Abstract

New and improved glyphosate-resistant (GR) crops continue to be rapidly developed. These crops confer greater crop safety to multiple glyphosate applications, higher rates, and wider application timings. Many of these crops will also have glyphosate resistance stacked with traits that confer resistance to herbicides with other modes of actions to expand the utility of existing herbicides and to increase the number of mixture options that can delay the evolution of GR weeds. Some breeding stacks of herbicide resistance traits are currently available, but the trend in the future will be to combine resistance genes in molecular stacks.
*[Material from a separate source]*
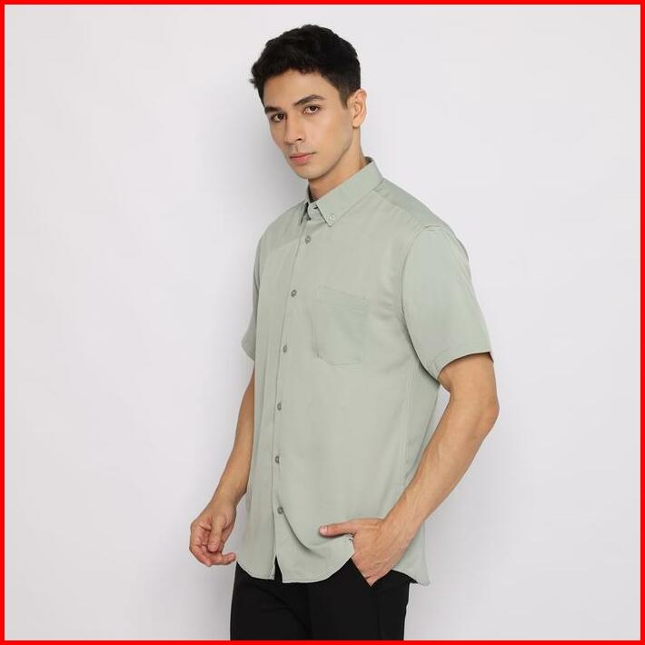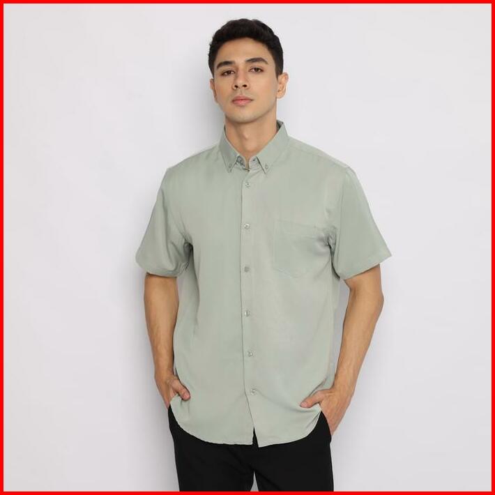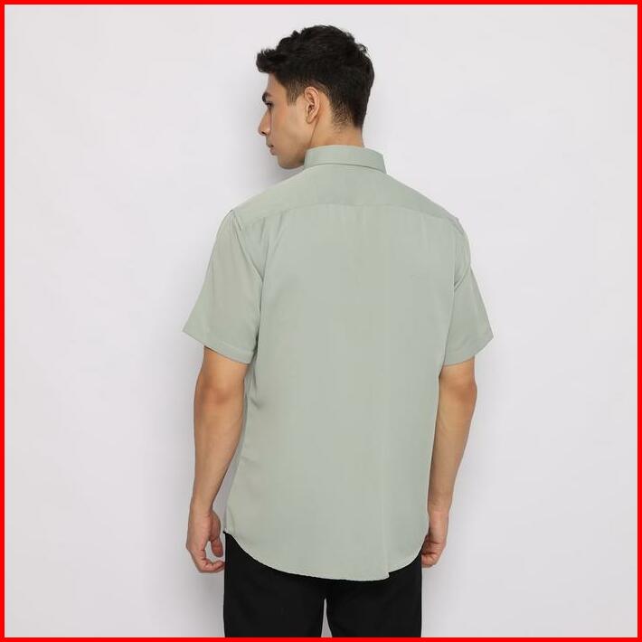 Platini Kemeja Pria Polos Lengan Pendek Polinosic Hijau Sage 63248
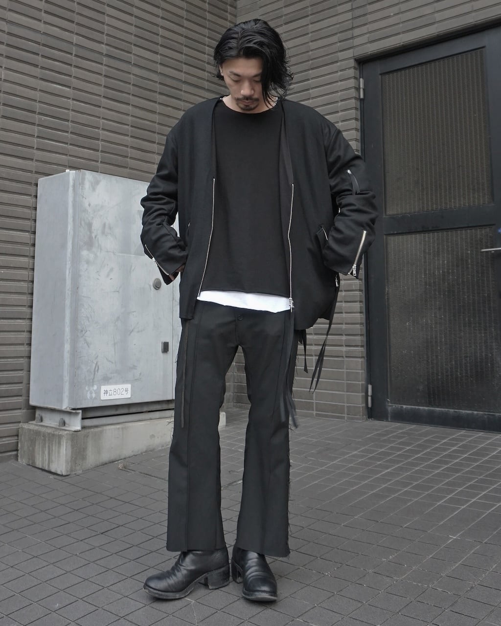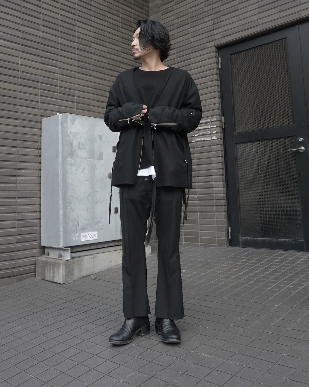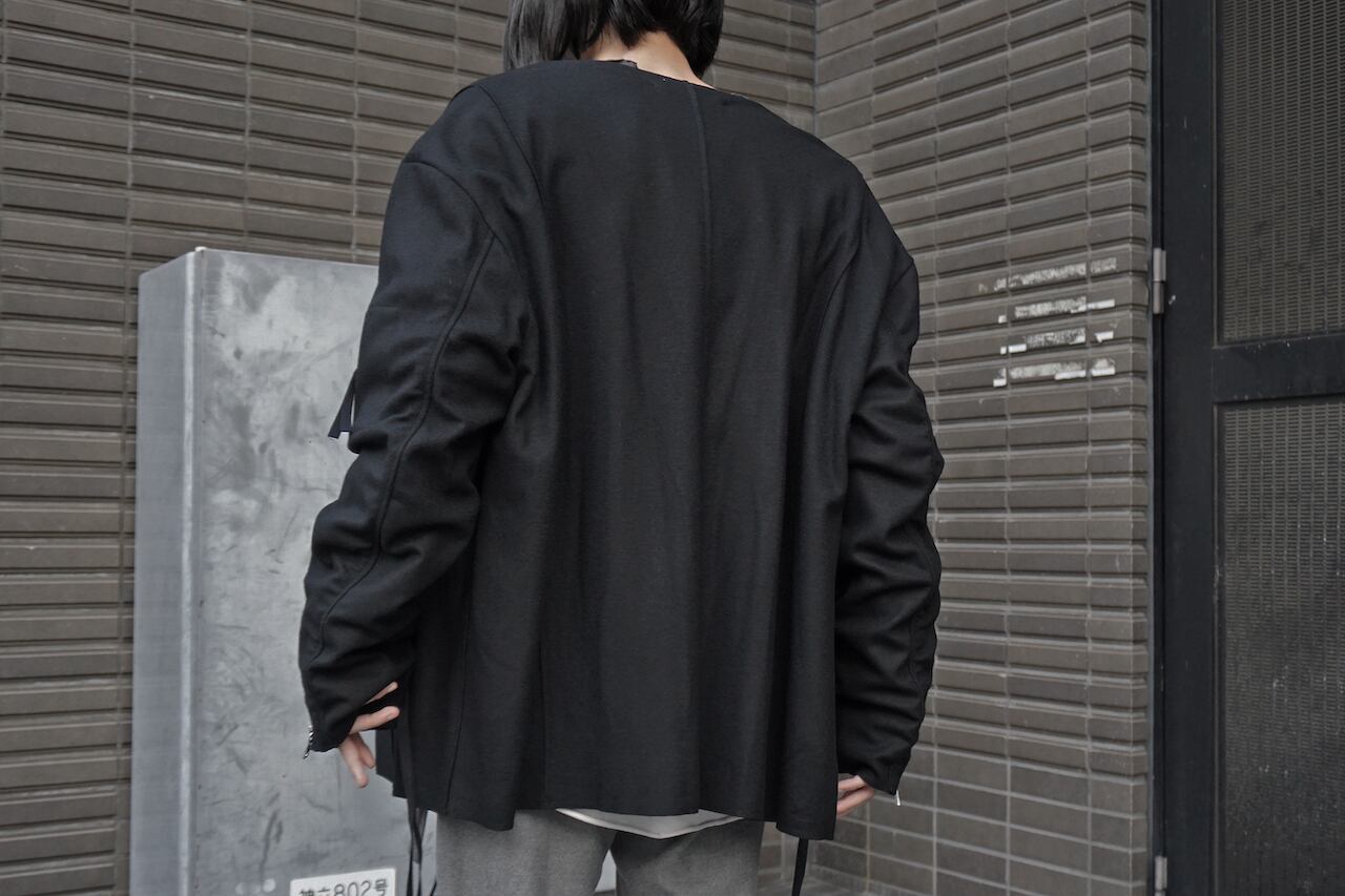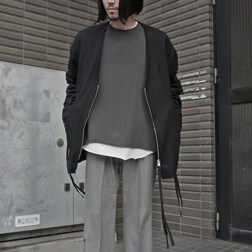 A bomber jacket that can be worn in the form of a cardigan. Its V-shaped front design and relaxed sizing offer a casual vibe similar to a cardigan, while incorporating military elements in the details. The distinctive arm design creates wrinkles and gathers by adding gathers, resulting in a three-dimensional finish.

The first example of such a molecular stack has a new metabolically based mechanism to inactivate glyphosate combined with an active site-based resistance for herbicides that inhibit acetolactate synthase (ALS). This stack confers resistance to glyphosate and all five classes of ALS-inhibiting herbicides. Other molecular stacks will include glyphosate resistance with resistance to auxin herbicides and herbicides that inhibit acetyl coenzyme A carboxylase (ACCase) and 4-hydroxyphenyl pyruvate dioxygenase (HPPD). Scientists are also studying a number of other herbicide resistance transgenes. Some of these new transgenes will be used to make new multiple herbicide-resistant crops that offer growers more herbicide options to meet their changing weed management needs and to help sustain the efficacy of glyphosate.